Collected data entries:

___

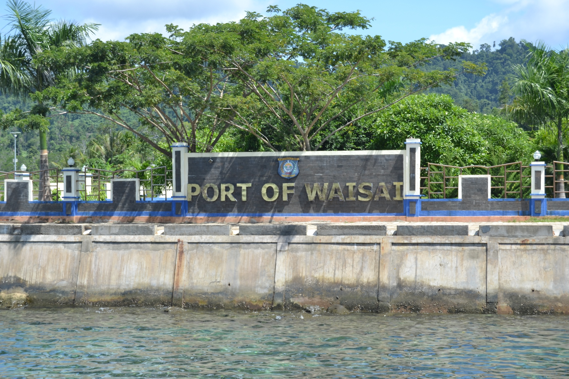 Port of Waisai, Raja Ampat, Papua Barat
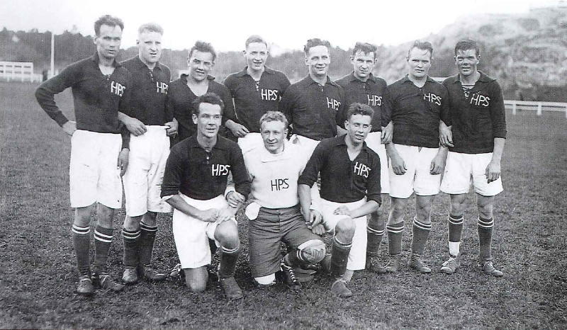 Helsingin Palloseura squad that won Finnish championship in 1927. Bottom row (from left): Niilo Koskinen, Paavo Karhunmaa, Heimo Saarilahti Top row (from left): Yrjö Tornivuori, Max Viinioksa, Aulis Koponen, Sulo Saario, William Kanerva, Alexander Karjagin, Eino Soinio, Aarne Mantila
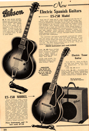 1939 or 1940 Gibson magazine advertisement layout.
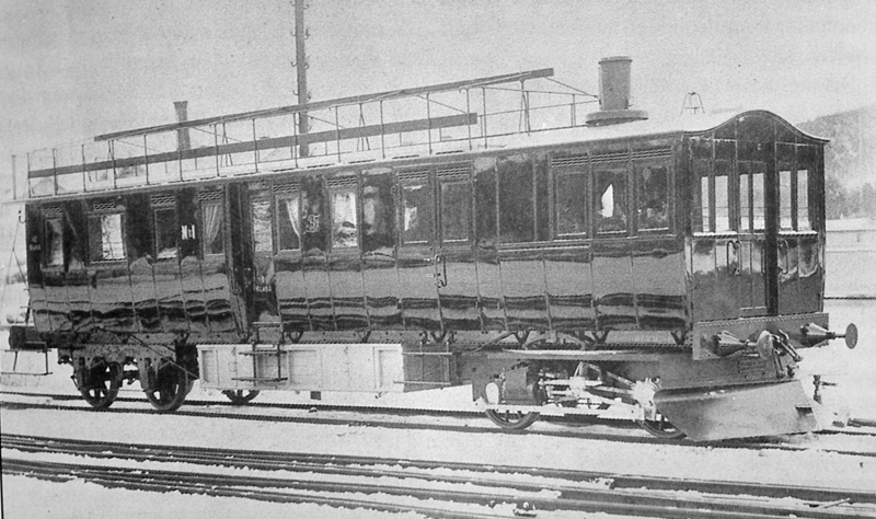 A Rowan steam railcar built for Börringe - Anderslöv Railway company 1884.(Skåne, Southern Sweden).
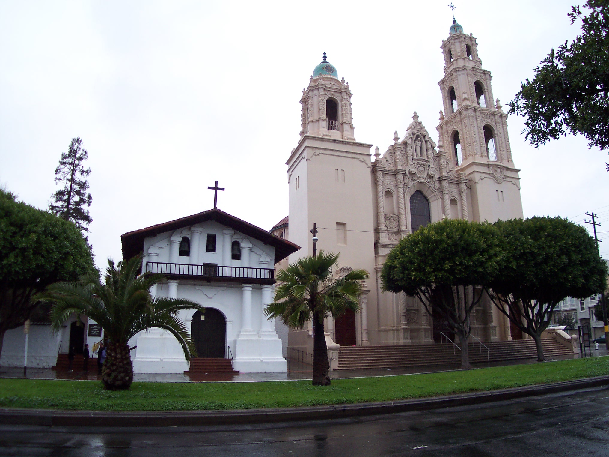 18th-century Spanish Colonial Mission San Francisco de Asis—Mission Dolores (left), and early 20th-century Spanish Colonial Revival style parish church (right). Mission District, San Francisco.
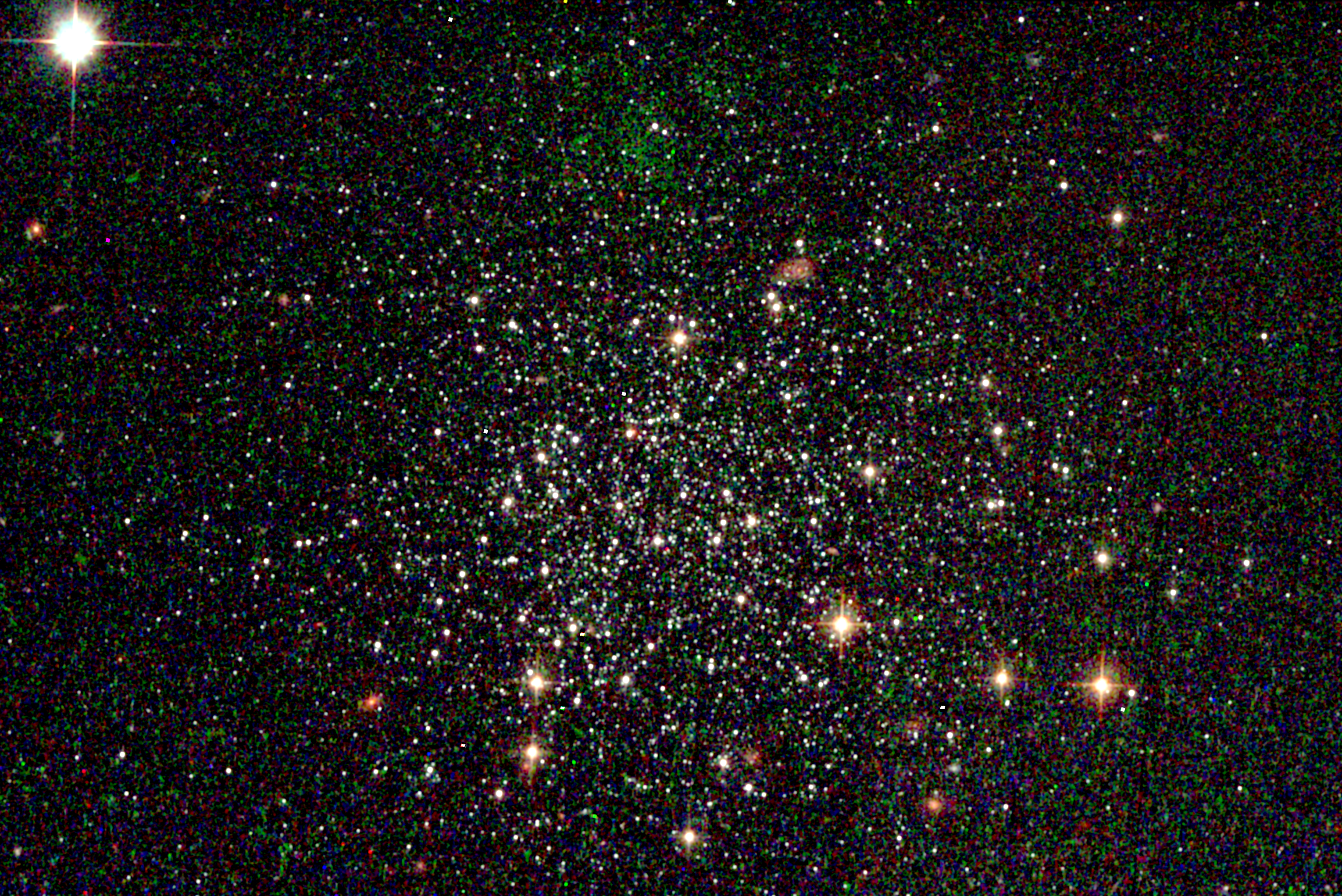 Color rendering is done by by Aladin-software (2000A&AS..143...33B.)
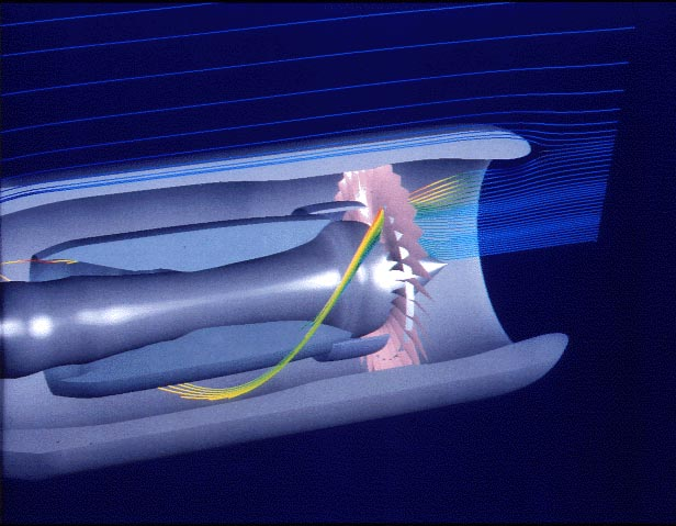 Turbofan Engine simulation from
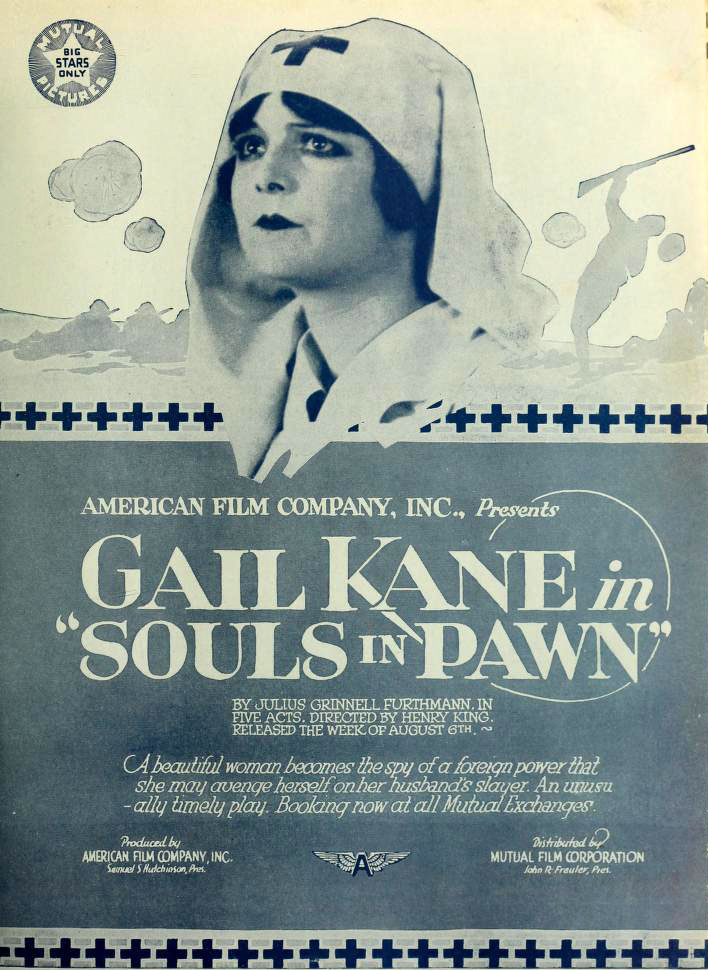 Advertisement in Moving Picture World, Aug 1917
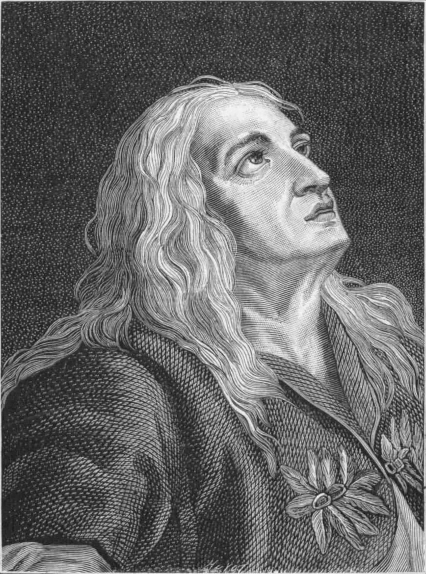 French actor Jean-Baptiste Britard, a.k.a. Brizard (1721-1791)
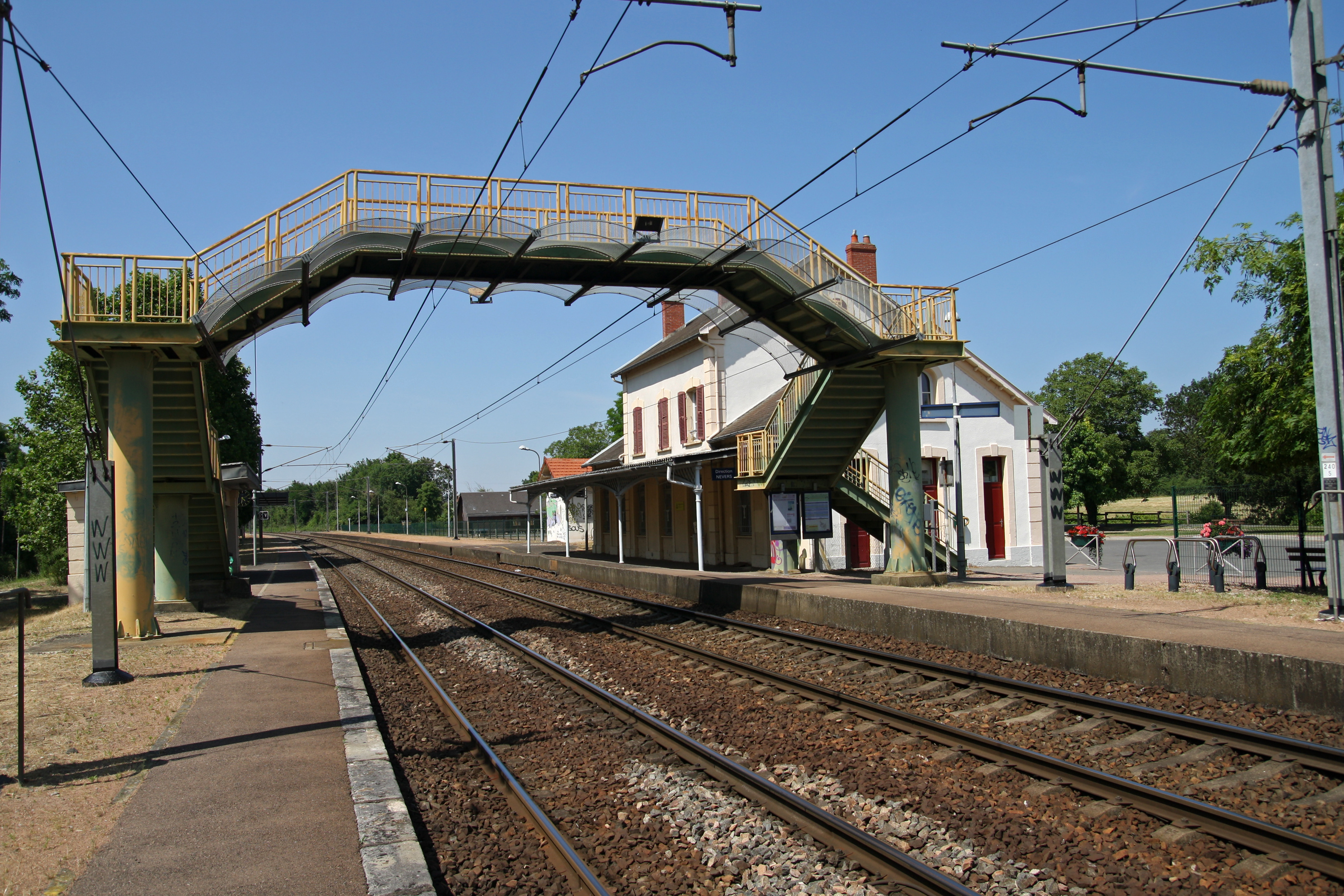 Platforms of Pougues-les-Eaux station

___

Could you reproduce exactly, and only, the lines from the one containing "1939 or 1940" through the end of the records above, both included, while leaving out the pictures?

Reply:
 1939 or 1940 Gibson magazine advertisement layout.
 A Rowan steam railcar built for Börringe - Anderslöv Railway company 1884.(Skåne, Southern Sweden).
 18th-century Spanish Colonial Mission San Francisco de Asis—Mission Dolores (left), and early 20th-century Spanish Colonial Revival style parish church (right). Mission District, San Francisco.
 Color rendering is done by by Aladin-software (2000A&AS..143...33B.)
 Turbofan Engine simulation from
 Advertisement in Moving Picture World, Aug 1917
 French actor Jean-Baptiste Britard, a.k.a. Brizard (1721-1791)
 Platforms of Pougues-les-Eaux station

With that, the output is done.